If Bloomberg’s reporters are correct, Boeing’s (NYSE: BA) CEO James McNerney, who is also chairman of the Procter & Gamble (NYSE: PG) board of directors compensation and leadership development committee, has pressed to oust Robert McDonald, the consumer products firm’s chief executive. McNerney’s pressure is outrageous, given his own tenure as Boeing’s head.
Since McNerney joined Boeing, its shares have performed no better than the Dow Jones Industrial Average. As a matter for fact, the stock has dropped 15% over the past five years. Boeing has blundered enough since McNerney became CEO that it is a wonder he has kept his own job.

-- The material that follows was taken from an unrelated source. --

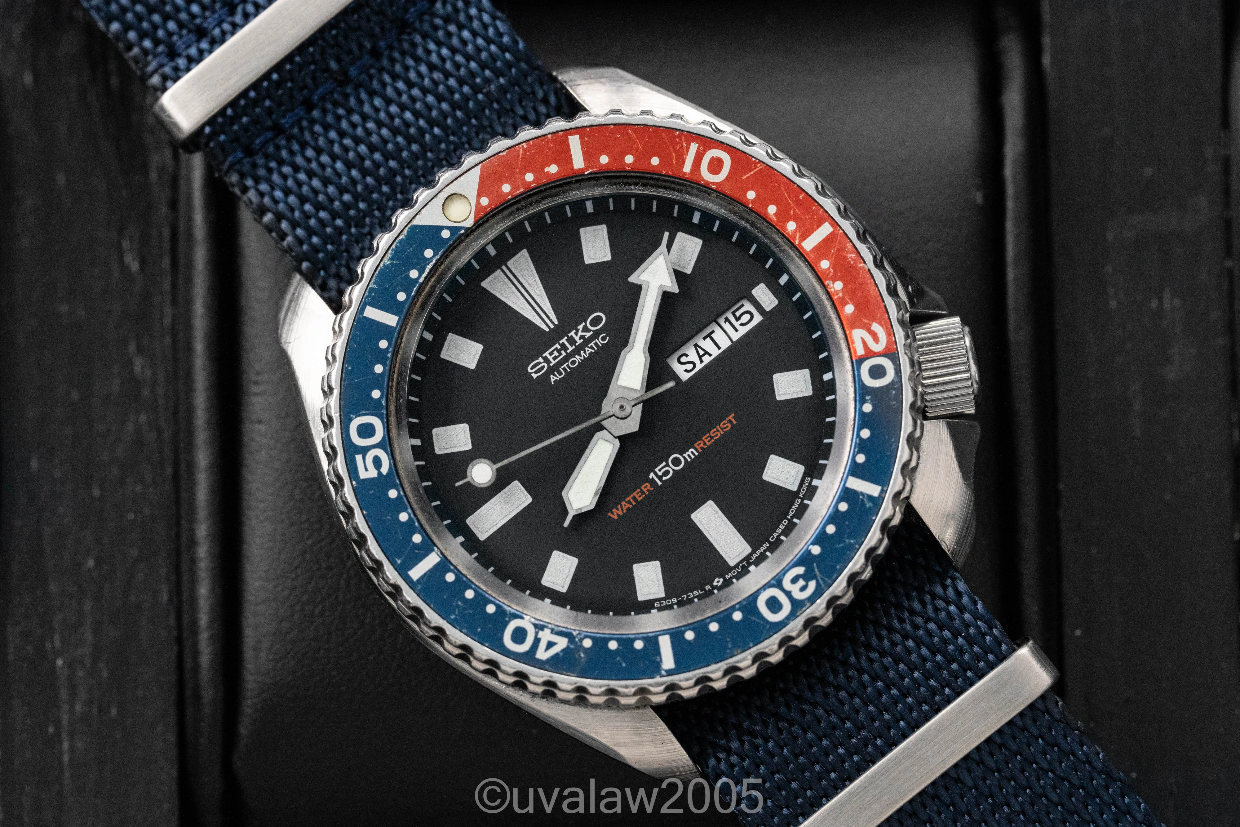 For sale is my Seiko 6309-7290 Slim Turtle. Serial dates it to July 1987. Except for an upgrade to a sapphire crystal with clear AR, this is all original with typical patina to the case and bezel insert. Bi-directional bezel works great and crown screws down with 3 full rotations. Comes with two brand new CNS Watch Bands nato straps and an extra OEM pepsi bezel from the 729A variant which can be swapped out.

McNerney objects to the fact that McDonald has dropped earnings estimates three times over the past year. McNerney has conveniently forgotten that Boeing revised its earnings down in early 2009. Boeing also dropped earnings projections in 2003. The multiple delays of the Boeing 787 Dreamliner flagship are the stuff of mismanagement legend. McNerney should have been dismissed long ago, if earnings and executive performance are the primary yardsticks.
One problem that P&G’s board has with the McDonald issue is that its board members erred when they made McNerney one of the primary judges of McDonald’s performance. Because of McNerney’s own performance, the board should have named another of its members to act as head of its compensation and leadership development committee.
McDonald’s tenure as the chief executive of P&G may have been marred by slow sales growth and disappointing profits. The steward of one of the great corporate brands in the world probably should have done better. Ultimately, if P&G has not lived up to its promise, McDonald deserves the blame. And underperformance may cost him his job.
If the board does fire McDonald, it will be a great shame that McNerney is one of the judges.